There can be a one-to-one correlation between the user processes and the shadow processes (as in a dedicated server configuration). Although one shadow process can connect to multiple user processes (as in a multithreaded server configuration), doing so reduces the utilization of system resources.
Each shadow process or thread uses a certain amount of Oracle and OS resources. Specifically, each shadow process uses approximately 1MB of memory. This memory and the overhead of managing large numbers of processes create quite a load on the system. Therefore, you should reduce the number of user connections if possible.
Because the load incurred by large numbers of user processes can be quite heavy on the system, measures should be taken to reduce this number. Several different methods that involve multiplexing the connections into the Oracle instance can be used to reduce the user load.
Multiplexing involves reducing the number of connections. On one side of the multiplexor, each process or user might have its own connection On the other side, many processes or users might share the same connections. Let's look at a multiplexor as a gray box, as shown in Figure 11.1.
The logical view of a multiplexor.
In its simplest form, the multiplexor reduces a large number of connections to a smaller number of connections. The multiplexing can be done on the server itself, but in general, the multiplexing is done on another server.
New Term: A system that has a middle server to handle connection processing is typically called a three-tier system. If you are directly connecting all the users from client systems to the database server, this is known as a two-tier system.
An example of a two-tier system is shown in Figure 11.2. As you can see, a number of network client systems are connected to the database server via a LAN.
The two-tier system.
The two-tier system directly links the user connections (via a LAN) into the Oracle instance via the server processes. If you are using the multithreaded server, the server processes might be reduced but the LAN connections into the server are still there for all of the users.
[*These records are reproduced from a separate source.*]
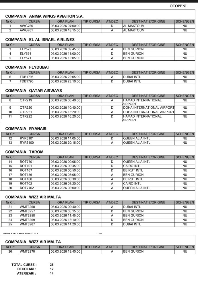 Cursele anulate aparţin companiilor Anima Wings, El Al, Fly Dubai, Qatar Airways, Ryanair, Tarom, Wizz Air. Deşi prezentate iniţial ca anulate, de fapt, zborurile Sky Up cu destinația Sharm El Sheikh nu operează, însă destinaţia este deschisă, au anunțat reprezentanții Companiei Naționale Aeroporturi București.
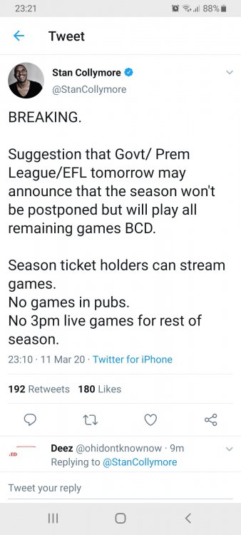I think the more time goes on, the possibility of finishing the season becomes more and more unlikely, even behind closed doors, in terms of guaranteeing player safety and using up resources that could be better used elsewhere. I also accept that as much as I am desperate to watch any football, the notion of having anything like a similar interest and passion in behind closed doors results and matches is probably unlikely. If Rovers somehow got into the top 6 for example, I suspect I would resent the fact that I couldnt go and see the games. Next season should be the priority and salvaging as much it it as is reasonably possible. Any talk of a conspiracy towards making a decision in any way focused on getting Liverpool the title is absurd though. As much as I dont want them to lift the Premier League. -
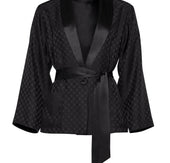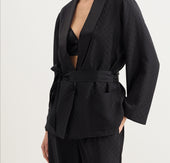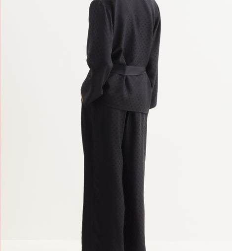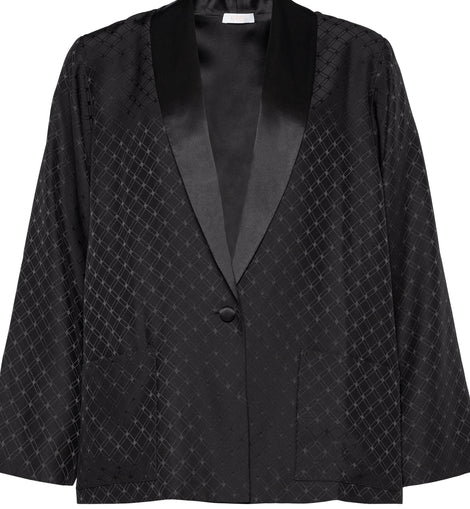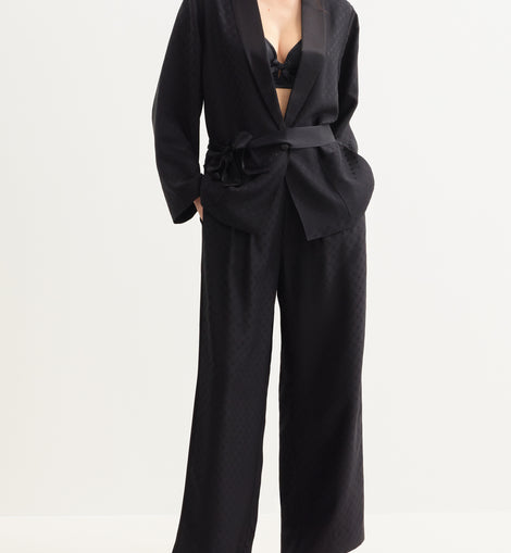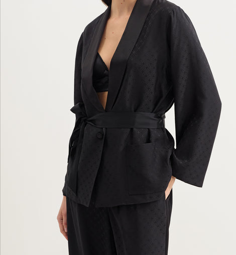A statement piece, the Velours jacket is made of silk jacquard with matte and shiny diamonds. Its detachable belt adds comfort and practicality.

This is shown as a logical view in Figure 11.3.
The two-tier system logical view.
In the logical view, you can see more clearly that there is a one-to-one relationship between the users and the connections into the Oracle instance. As I mentioned earlier, these connections can be quite expensive.
NOTE: In computer system performance language, a process is said to be expensive if it consumes a relatively large amount of system resources.
New Term: In a three-tier system, a middleware system is used to handle much of the overhead involved in handling user connections and large numbers of processes. This middleware can be in the form of a transaction monitor (TM) or an application. An example of a three-tier system is shown in Figure 11.4.
The three-tier system.
This looks very similar to the two-tier system when you look at the physical layer, but when you look at the logical picture of this system, as shown in Figure 11.5, you can see that the number of connections into the RDBMS has been greatly reduced. Because each connection is expensive in CPU and memory, this savings can improve the performance of your system.
The three-tier system logical view.
The three-tier system is becoming quite popular and will likely become more so. In fact, Microsoft released a middleware component in 1997 called the Microsoft Transaction Server. Other transaction monitors in use today include Tuxedo, Encina, and TopEnd. Many of these products have been around for years.
Transaction monitors have typically been used in mid-range to high-end systems, but with the popularity of PC servers, you'll see more and more multiplexing done in this area as well.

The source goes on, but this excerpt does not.